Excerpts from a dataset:
────────

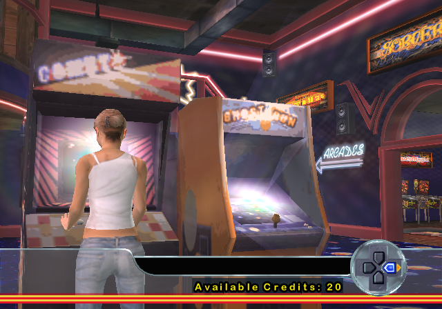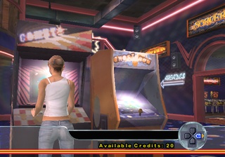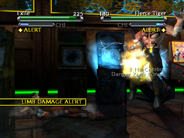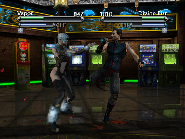 Tao Feng: Fist of the Lotus also features an arcade stage with a lot of different titles that actually have gameplay screen texures, albeit these are not animated and not very detailed; a golf game "Grass Hole 2003" an early-'80s style maze or platform type game "Simplax Herbi", "Women's Gymnastic Trivia", the harder to identify "Copstar 2094" and "Tsui Nami", alongside a bunch of pinball tables. All of the machines get destroyed with bright sparks when a combatant is smashed into them.
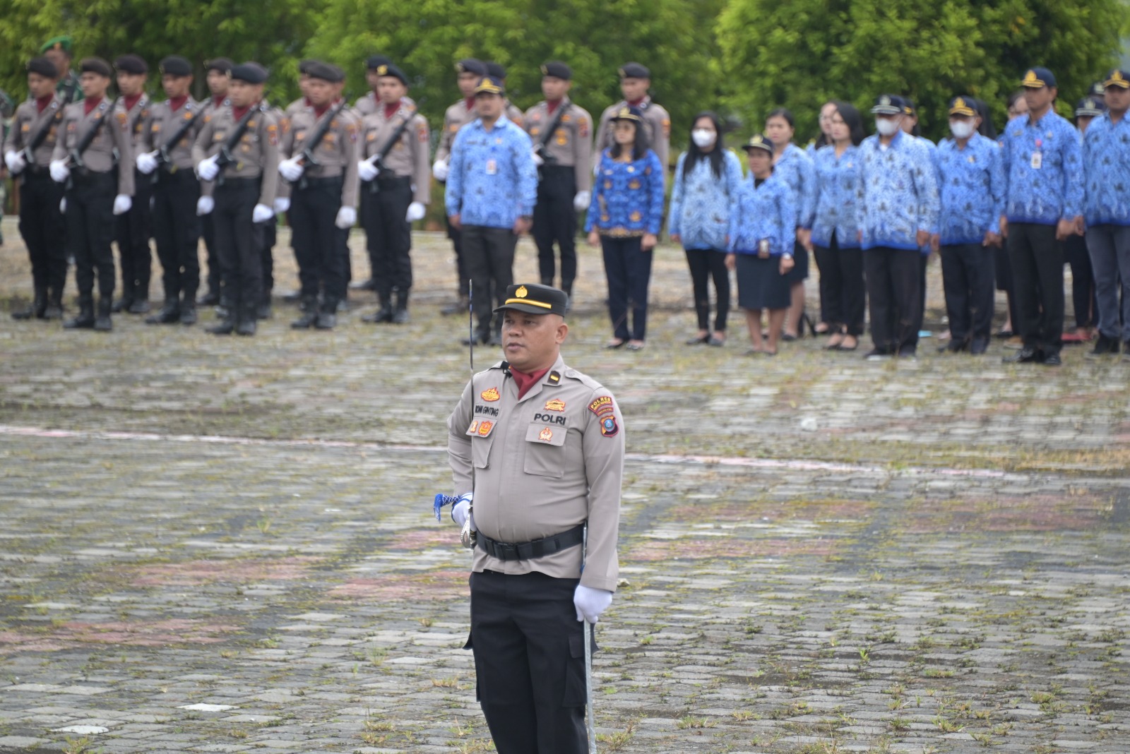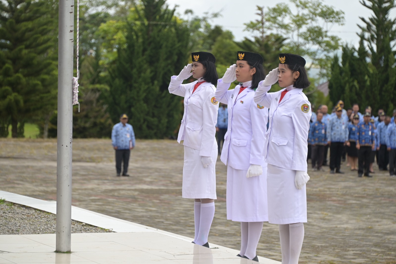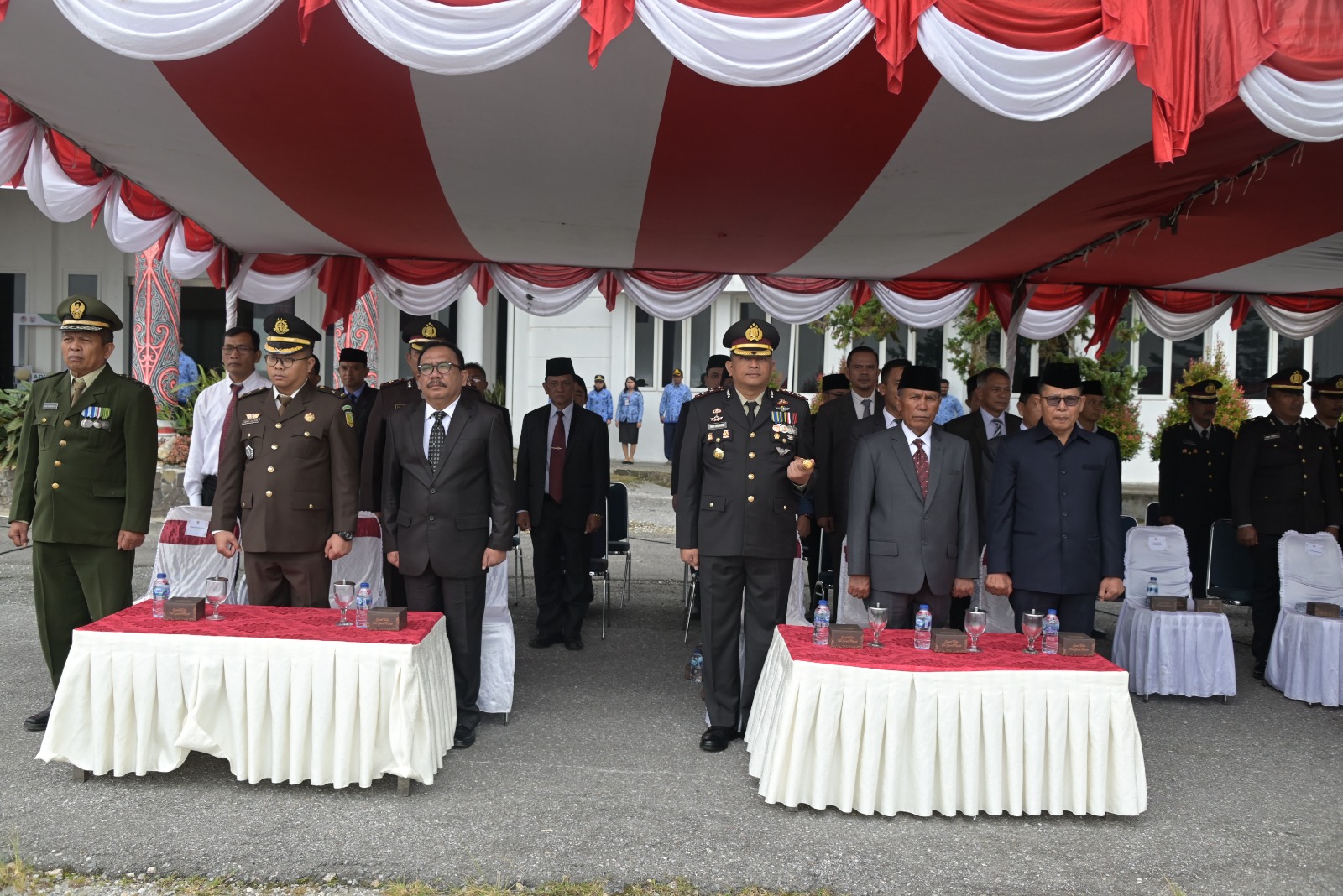 Dalam kegiatan itu, sebagai inspektur upacara Bupati Humbahas Dosmar Banjarnahor, SE dan komandan upacara KBO Reskrim Polres Humbahas Ipda Romi Ginting . Paduan suara dari SMAN 2 Lintongnihuta.
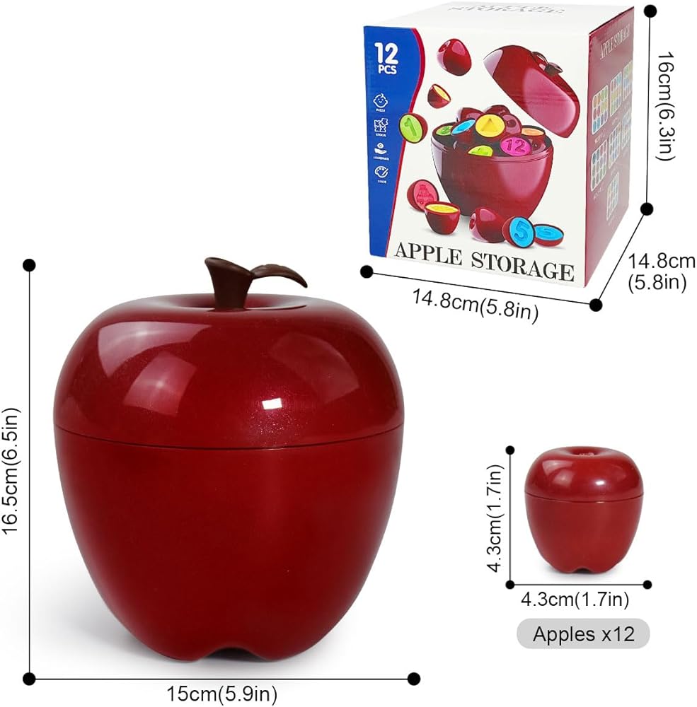Preschool Learning Activities: It is an excellent tool for kindergarten learning activities. It crafted from strong ABS materials, perfect size encourages your little one to practice grasp ability. All apples are packed in a big apple shaped box, which is convenient to store and carry.
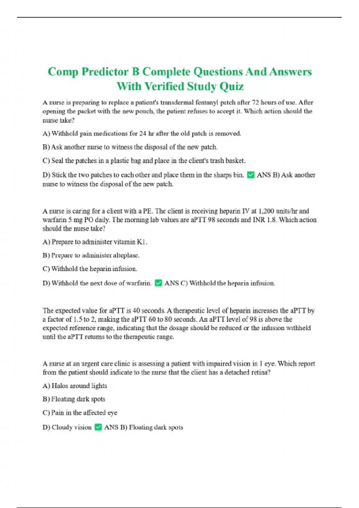 Comp Predictor B Complete Questions And Answers With Verified Study Quiz A nurse is preparing to replace a patient's transdermal fentanyl patch after 72 hours of use. After opening the packet with the new pouch, the patient refuses to accept it. Which action should the nurse take? A) Withhold pain medications for 24 hr after the old patch is removed. B) Ask another nurse to witness the disposal of the new patch. C) Seal the patches in a plastic bag and place in the client's trash basket. D) Stick the two patches to each other and place them in the sharps bin. ANS B) Ask another nurse to witness the disposal of the new patch. A nurse is caring for a client with a PE. The client is receiving heparin IV at 1,200 units/hr and warfarin 5 mg PO daily. The morning lab values are aPTT 98 seconds and INR 1.8. Which action should the nurse take? A) Prepare to administer vitamin K1. B) Prepare to administer alteplase. C) Withhold the heparin infusion. D) Withhold the next dose of warfarin. ANS C) Withhold the heparin infusion.
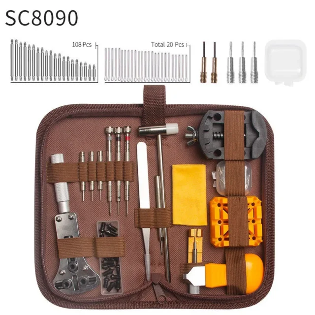 Includes openers, pin removers, tweezers, screwdrivers, and more — covering most watch repair needs.
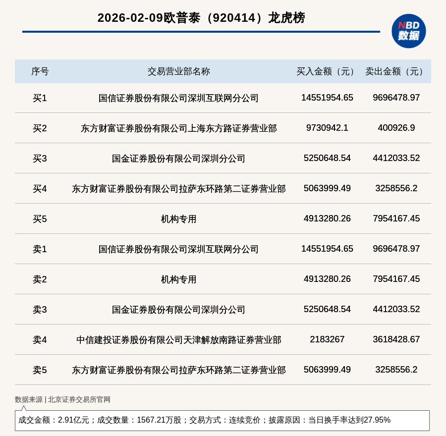 (记者 曾健辉) 免责声明:本文内容与数据仅供参考,不构成投资建议,使用前核实。据此操作,风险自担。 每日经济新闻 每经讯,2026年2月6日,北交所上市公司欧普泰(920414,收盘价:17.28元)登上龙虎榜,交易方式是连续竞价,披露原因是 当日换手率达到24.45%,成交数量1371.08万股,成交金额2.39亿元。买一席位为机构专用,买入753.13万元;卖一席位为国信 证券股份有限公司深圳互联网分公司,卖出3215.49万元。 | | 2026-02-06欧普泰 (920414) 龙虎榜 | | | | --- | --- | --- | --- | | 序号 | 交易营业部名称 | 买入金额(元) | 卖出金额(元) | | ポリ | 机构专用 | 7531265.11 | 5389472.08 | | 址2 | 国金证券股份有限公司深圳分公司 | 3822026.09 | 8794619.74 | | 买3 | 中国银河证券股份有限公司台州黄岩委羽街证券营业部 | 2636849.92 | 0 | | 买4 | 中泰证券股份有限公司宁波北仑恒山路证券营业部 | 2632657.83 | 0 | ...
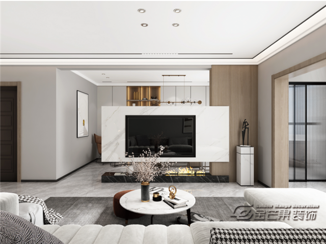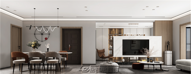 獨(dú)特的電視背景墻造型,增加空間層次感,隔而不斷的設(shè)計(jì)也顯得更加的通透,打造現(xiàn)代居家的時(shí)尚個(gè)性和溫馨感。
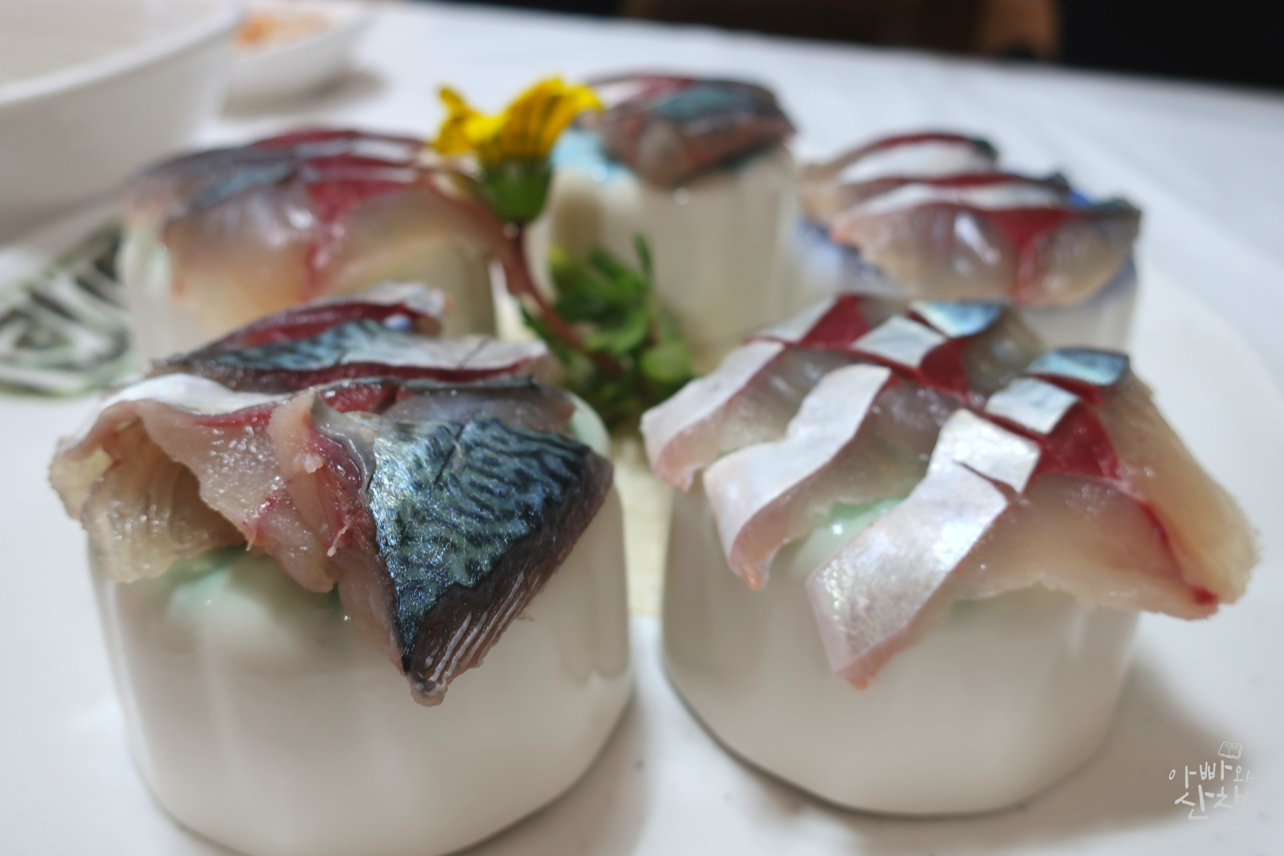 고등어회와 함께 고추냉이(와사비) 밥이 나오는 것이 이곳만의 특징으로, 양파절임과 함께 고등어 한 점을 얹어 깻잎에 싸 먹으면 별미입니다.
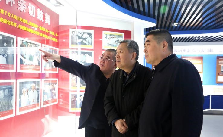 2019年4月一輕控股公司黨委書記、董事長蘇志民陪同國家市場監督管理總局局長張茅參觀北玻展室
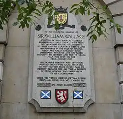 Sir William Wallace wurde gegen eine hohe Belohnung von Sir John de Menteith, dem Burgherrn von Dumbarton Castle, verraten. Gefangen genommen wurde Wallace am 5. August 1305 in Robroyston bei Glasgow. Kurz darauf wurde er an ein Pferd gebunden und auf einer zweiwöchigen Reise nach London verschleppt. Dort wurde er des Hochverrats angeklagt und zum Tode durch Hängen, Ausweiden und Vierteilen verurteilt. Dies war bis ins frühe 19. Jahrhundert in Großbritannien die festgeschriebene Strafe für Verrat am König. Die Hinrichtung fand am 23. August 1305 statt.[6]
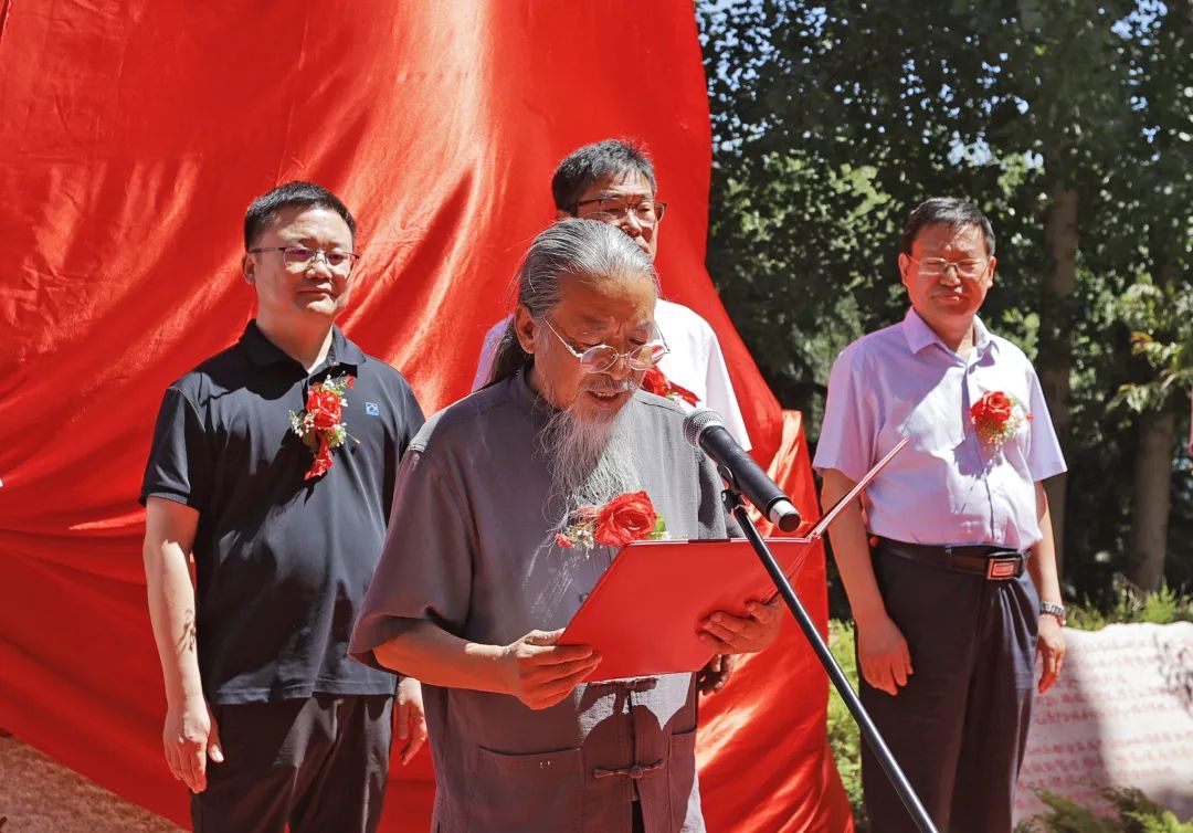 马克思、恩格斯雕像是由河北美术学院雕塑院为献礼党的二十大和庆祝河北美术学院建校20周年设计制作。雕塑人物高5米、底座高1.5米、总高6.5米;长3.5米、宽1.8米,体积35立方米,重量约70吨。仪式上,学校举办者、校长甄忠义代表学校对嘉宾表示欢迎,并简要介绍了学校基本情况。他指出,马克思、恩格斯雕像是学校献礼党的二十大的精品力作,学校将继续加强红色文化园建设,高标准打造一流的党建和红色文化教育基地。
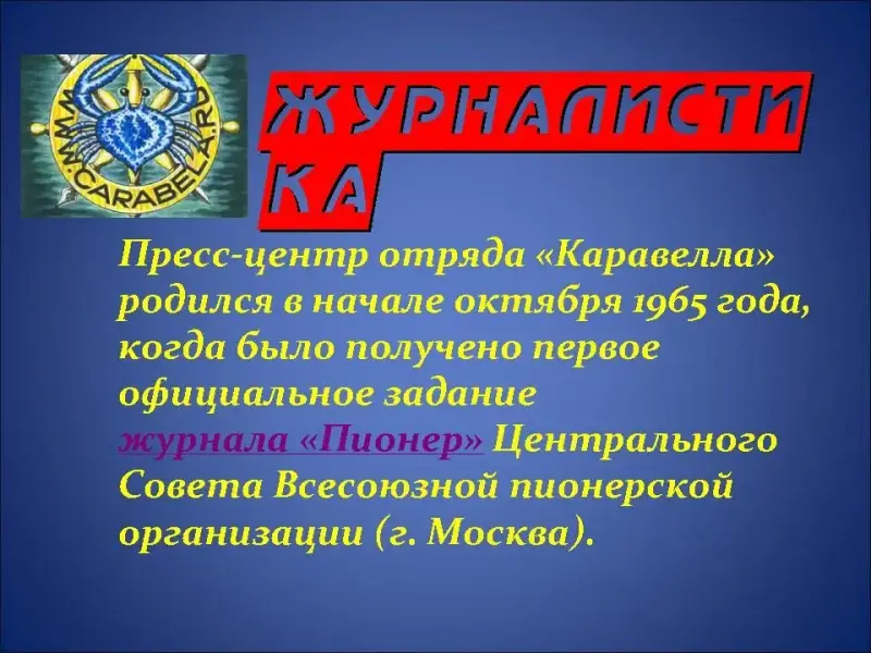 Ведущий 2: В 1961 году Владислав Крапивин организовал детский отряд "Каравелла". В отряде ребята занимались журналистикой. Морским делом, фехтованием.
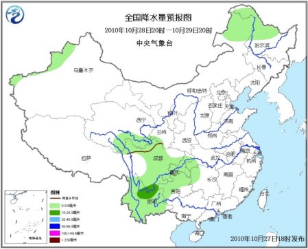 中新網10月27日電 據中央氣象臺預報,未來三天,新疆西部山區和北部、西藏東部、青海南部、甘肅南部、川西高原北部、內蒙古東北部、黑龍江北部等地有小雨(雪)或雨夾雪。陜西南部、西南地區大部、湖北西南部、湖南西北部等地有小到中雨。

────────

== WHAT IS REQUIRED ==
All of the entries above are to be duplicated exactly, with every image left out.

== OUTPUT BELOW ==
 Tao Feng: Fist of the Lotus also features an arcade stage with a lot of different titles that actually have gameplay screen texures, albeit these are not animated and not very detailed; a golf game "Grass Hole 2003" an early-'80s style maze or platform type game "Simplax Herbi", "Women's Gymnastic Trivia", the harder to identify "Copstar 2094" and "Tsui Nami", alongside a bunch of pinball tables. All of the machines get destroyed with bright sparks when a combatant is smashed into them.
 Dalam kegiatan itu, sebagai inspektur upacara Bupati Humbahas Dosmar Banjarnahor, SE dan komandan upacara KBO Reskrim Polres Humbahas Ipda Romi Ginting . Paduan suara dari SMAN 2 Lintongnihuta.
Preschool Learning Activities: It is an excellent tool for kindergarten learning activities. It crafted from strong ABS materials, perfect size encourages your little one to practice grasp ability. All apples are packed in a big apple shaped box, which is convenient to store and carry.
 Comp Predictor B Complete Questions And Answers With Verified Study Quiz A nurse is preparing to replace a patient's transdermal fentanyl patch after 72 hours of use. After opening the packet with the new pouch, the patient refuses to accept it. Which action should the nurse take? A) Withhold pain medications for 24 hr after the old patch is removed. B) Ask another nurse to witness the disposal of the new patch. C) Seal the patches in a plastic bag and place in the client's trash basket. D) Stick the two patches to each other and place them in the sharps bin. ANS B) Ask another nurse to witness the disposal of the new patch. A nurse is caring for a client with a PE. The client is receiving heparin IV at 1,200 units/hr and warfarin 5 mg PO daily. The morning lab values are aPTT 98 seconds and INR 1.8. Which action should the nurse take? A) Prepare to administer vitamin K1. B) Prepare to administer alteplase. C) Withhold the heparin infusion. D) Withhold the next dose of warfarin. ANS C) Withhold the heparin infusion.
 Includes openers, pin removers, tweezers, screwdrivers, and more — covering most watch repair needs.
 (记者 曾健辉) 免责声明:本文内容与数据仅供参考,不构成投资建议,使用前核实。据此操作,风险自担。 每日经济新闻 每经讯,2026年2月6日,北交所上市公司欧普泰(920414,收盘价:17.28元)登上龙虎榜,交易方式是连续竞价,披露原因是 当日换手率达到24.45%,成交数量1371.08万股,成交金额2.39亿元。买一席位为机构专用,买入753.13万元;卖一席位为国信 证券股份有限公司深圳互联网分公司,卖出3215.49万元。 | | 2026-02-06欧普泰 (920414) 龙虎榜 | | | | --- | --- | --- | --- | | 序号 | 交易营业部名称 | 买入金额(元) | 卖出金额(元) | | ポリ | 机构专用 | 7531265.11 | 5389472.08 | | 址2 | 国金证券股份有限公司深圳分公司 | 3822026.09 | 8794619.74 | | 买3 | 中国银河证券股份有限公司台州黄岩委羽街证券营业部 | 2636849.92 | 0 | | 买4 | 中泰证券股份有限公司宁波北仑恒山路证券营业部 | 2632657.83 | 0 | ...
 獨(dú)特的電視背景墻造型,增加空間層次感,隔而不斷的設(shè)計(jì)也顯得更加的通透,打造現(xiàn)代居家的時(shí)尚個(gè)性和溫馨感。
 고등어회와 함께 고추냉이(와사비) 밥이 나오는 것이 이곳만의 특징으로, 양파절임과 함께 고등어 한 점을 얹어 깻잎에 싸 먹으면 별미입니다.
 2019年4月一輕控股公司黨委書記、董事長蘇志民陪同國家市場監督管理總局局長張茅參觀北玻展室
 Sir William Wallace wurde gegen eine hohe Belohnung von Sir John de Menteith, dem Burgherrn von Dumbarton Castle, verraten. Gefangen genommen wurde Wallace am 5. August 1305 in Robroyston bei Glasgow. Kurz darauf wurde er an ein Pferd gebunden und auf einer zweiwöchigen Reise nach London verschleppt. Dort wurde er des Hochverrats angeklagt und zum Tode durch Hängen, Ausweiden und Vierteilen verurteilt. Dies war bis ins frühe 19. Jahrhundert in Großbritannien die festgeschriebene Strafe für Verrat am König. Die Hinrichtung fand am 23. August 1305 statt.[6]
 马克思、恩格斯雕像是由河北美术学院雕塑院为献礼党的二十大和庆祝河北美术学院建校20周年设计制作。雕塑人物高5米、底座高1.5米、总高6.5米;长3.5米、宽1.8米,体积35立方米,重量约70吨。仪式上,学校举办者、校长甄忠义代表学校对嘉宾表示欢迎,并简要介绍了学校基本情况。他指出,马克思、恩格斯雕像是学校献礼党的二十大的精品力作,学校将继续加强红色文化园建设,高标准打造一流的党建和红色文化教育基地。
 Ведущий 2: В 1961 году Владислав Крапивин организовал детский отряд "Каравелла". В отряде ребята занимались журналистикой. Морским делом, фехтованием.
 中新網10月27日電 據中央氣象臺預報,未來三天,新疆西部山區和北部、西藏東部、青海南部、甘肅南部、川西高原北部、內蒙古東北部、黑龍江北部等地有小雨(雪)或雨夾雪。陜西南部、西南地區大部、湖北西南部、湖南西北部等地有小到中雨。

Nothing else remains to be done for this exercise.